The reply should hold only the lines below beginning at the one with "發現這裡的紫藤花有用心的照顧" and ending at the one with "Tényleg így lett, csütörtök", copied exactly, with every picture left out.

[Opening Provided records section]

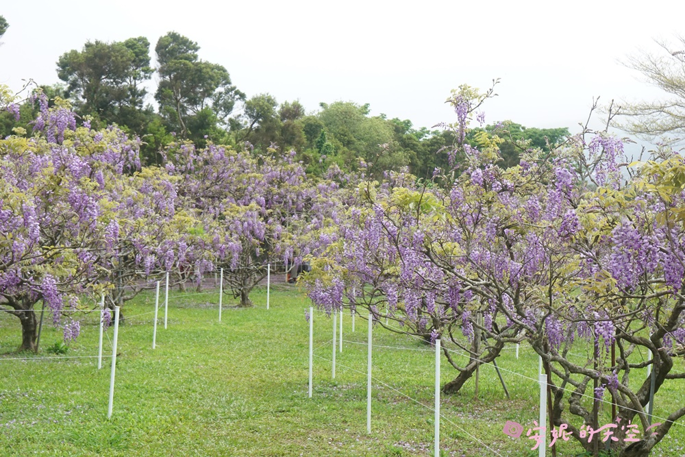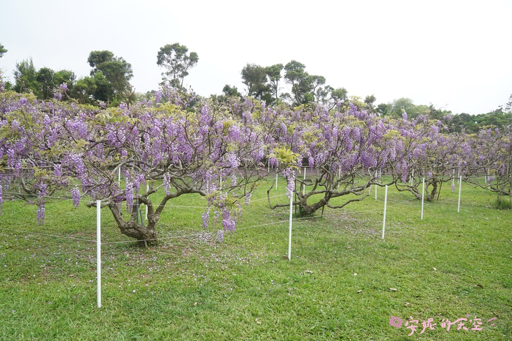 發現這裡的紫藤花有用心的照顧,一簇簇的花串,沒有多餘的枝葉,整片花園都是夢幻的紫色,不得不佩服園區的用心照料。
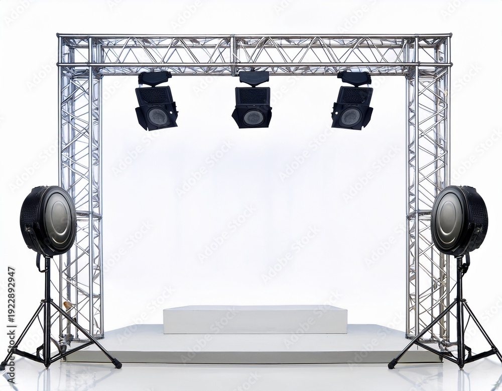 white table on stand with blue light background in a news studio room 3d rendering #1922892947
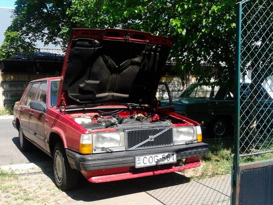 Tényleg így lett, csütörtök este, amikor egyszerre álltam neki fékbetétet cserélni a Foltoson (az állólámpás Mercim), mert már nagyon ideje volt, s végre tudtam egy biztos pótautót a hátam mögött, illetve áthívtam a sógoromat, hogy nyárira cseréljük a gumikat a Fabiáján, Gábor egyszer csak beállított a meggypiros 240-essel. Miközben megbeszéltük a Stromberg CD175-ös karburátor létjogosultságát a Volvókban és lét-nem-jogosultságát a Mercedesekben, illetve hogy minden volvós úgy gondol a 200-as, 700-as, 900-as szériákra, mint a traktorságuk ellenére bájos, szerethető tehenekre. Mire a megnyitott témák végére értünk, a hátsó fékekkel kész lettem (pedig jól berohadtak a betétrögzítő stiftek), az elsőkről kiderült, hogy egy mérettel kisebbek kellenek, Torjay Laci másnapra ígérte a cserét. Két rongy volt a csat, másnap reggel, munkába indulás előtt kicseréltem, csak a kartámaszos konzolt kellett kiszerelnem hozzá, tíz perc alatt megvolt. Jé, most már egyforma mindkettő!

[Closing Provided records section]
[Opening Provided records section]

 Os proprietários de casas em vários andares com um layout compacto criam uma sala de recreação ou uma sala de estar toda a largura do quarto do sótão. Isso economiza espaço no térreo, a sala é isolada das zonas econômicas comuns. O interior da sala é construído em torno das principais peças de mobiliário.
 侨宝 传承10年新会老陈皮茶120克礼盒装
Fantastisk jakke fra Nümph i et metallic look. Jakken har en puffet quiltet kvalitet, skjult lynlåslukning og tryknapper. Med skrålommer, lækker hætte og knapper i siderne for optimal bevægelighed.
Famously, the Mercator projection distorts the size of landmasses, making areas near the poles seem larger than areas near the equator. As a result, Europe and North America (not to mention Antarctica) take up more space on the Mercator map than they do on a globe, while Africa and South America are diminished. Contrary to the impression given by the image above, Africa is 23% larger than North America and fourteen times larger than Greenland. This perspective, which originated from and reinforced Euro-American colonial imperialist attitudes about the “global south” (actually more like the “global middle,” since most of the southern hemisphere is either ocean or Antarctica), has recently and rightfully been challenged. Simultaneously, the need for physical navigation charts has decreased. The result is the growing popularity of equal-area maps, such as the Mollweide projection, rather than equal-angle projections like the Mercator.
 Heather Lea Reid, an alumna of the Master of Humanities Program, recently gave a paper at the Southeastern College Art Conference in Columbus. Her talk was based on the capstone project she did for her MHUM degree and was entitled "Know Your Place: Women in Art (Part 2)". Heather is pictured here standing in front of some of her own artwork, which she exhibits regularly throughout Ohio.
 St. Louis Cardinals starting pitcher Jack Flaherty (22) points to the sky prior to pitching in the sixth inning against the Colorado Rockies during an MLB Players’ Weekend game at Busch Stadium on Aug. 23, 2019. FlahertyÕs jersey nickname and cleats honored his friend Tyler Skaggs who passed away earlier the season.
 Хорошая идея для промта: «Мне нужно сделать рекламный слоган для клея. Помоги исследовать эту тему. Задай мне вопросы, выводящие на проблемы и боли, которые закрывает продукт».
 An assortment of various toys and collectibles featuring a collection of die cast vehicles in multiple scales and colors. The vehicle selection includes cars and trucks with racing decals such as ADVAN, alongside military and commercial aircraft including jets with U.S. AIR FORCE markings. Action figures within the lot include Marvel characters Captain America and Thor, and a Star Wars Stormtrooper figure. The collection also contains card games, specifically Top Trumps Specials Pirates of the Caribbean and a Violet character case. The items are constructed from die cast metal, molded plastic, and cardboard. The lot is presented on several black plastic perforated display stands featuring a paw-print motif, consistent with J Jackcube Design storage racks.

[Closing Provided records section]

• **Exercise output**
 發現這裡的紫藤花有用心的照顧,一簇簇的花串,沒有多餘的枝葉,整片花園都是夢幻的紫色,不得不佩服園區的用心照料。
 white table on stand with blue light background in a news studio room 3d rendering #1922892947
 Tényleg így lett, csütörtök este, amikor egyszerre álltam neki fékbetétet cserélni a Foltoson (az állólámpás Mercim), mert már nagyon ideje volt, s végre tudtam egy biztos pótautót a hátam mögött, illetve áthívtam a sógoromat, hogy nyárira cseréljük a gumikat a Fabiáján, Gábor egyszer csak beállított a meggypiros 240-essel. Miközben megbeszéltük a Stromberg CD175-ös karburátor létjogosultságát a Volvókban és lét-nem-jogosultságát a Mercedesekben, illetve hogy minden volvós úgy gondol a 200-as, 700-as, 900-as szériákra, mint a traktorságuk ellenére bájos, szerethető tehenekre. Mire a megnyitott témák végére értünk, a hátsó fékekkel kész lettem (pedig jól berohadtak a betétrögzítő stiftek), az elsőkről kiderült, hogy egy mérettel kisebbek kellenek, Torjay Laci másnapra ígérte a cserét. Két rongy volt a csat, másnap reggel, munkába indulás előtt kicseréltem, csak a kartámaszos konzolt kellett kiszerelnem hozzá, tíz perc alatt megvolt. Jé, most már egyforma mindkettő!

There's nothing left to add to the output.